INFORMATION SUPPLIED:

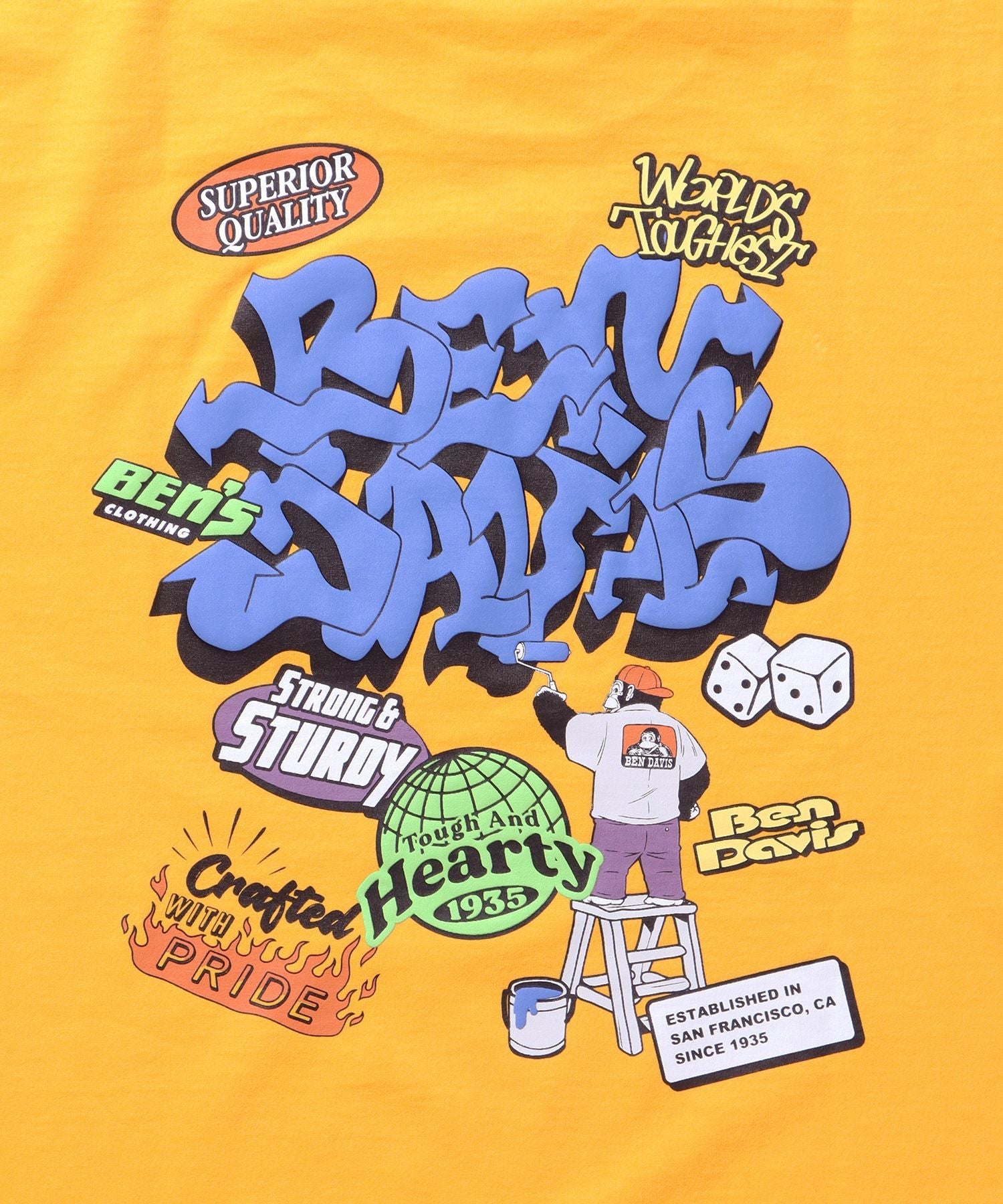 ベンデイビスから毎年人気博しているスローアップグラフィティ調のメインロゴに様々なモチーフを掛け合わせたカラフルなグラフィックTシャツが再登場!バックはラバープリントと発泡プリントを織り交ぜた立体的なデザインを表現し、スローアップグラフィティ調のメインロゴクオリティーがストリート系にハマる洗練された雰囲気をプラスします。全体的にシンプルに作り上げていて、トレンドのサイジングに仕上げており旬なスタイリングも楽しめ、ストリート系や古着系コーデにも非常に合います。ザ・ベーシックなブラック、ホワイト、ブルーグレイカラーに加え、ベンデイビスでは珍しいイエローカラーも展開。
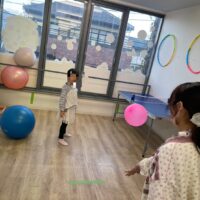 色々な大きさのボールを用いたドッジボールのような運動でした。
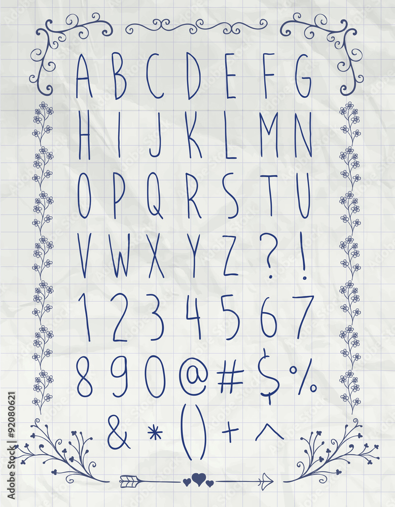Simple Pen Drawing English Alphabet Letters on Paper Stock Vector

WHAT IS NEEDED:
Produce the material above again in full, with identical lines and no pictures.

RESPONSE TO THE EXERCISE:
 ベンデイビスから毎年人気博しているスローアップグラフィティ調のメインロゴに様々なモチーフを掛け合わせたカラフルなグラフィックTシャツが再登場!バックはラバープリントと発泡プリントを織り交ぜた立体的なデザインを表現し、スローアップグラフィティ調のメインロゴクオリティーがストリート系にハマる洗練された雰囲気をプラスします。全体的にシンプルに作り上げていて、トレンドのサイジングに仕上げており旬なスタイリングも楽しめ、ストリート系や古着系コーデにも非常に合います。ザ・ベーシックなブラック、ホワイト、ブルーグレイカラーに加え、ベンデイビスでは珍しいイエローカラーも展開。
 色々な大きさのボールを用いたドッジボールのような運動でした。
Simple Pen Drawing English Alphabet Letters on Paper Stock Vector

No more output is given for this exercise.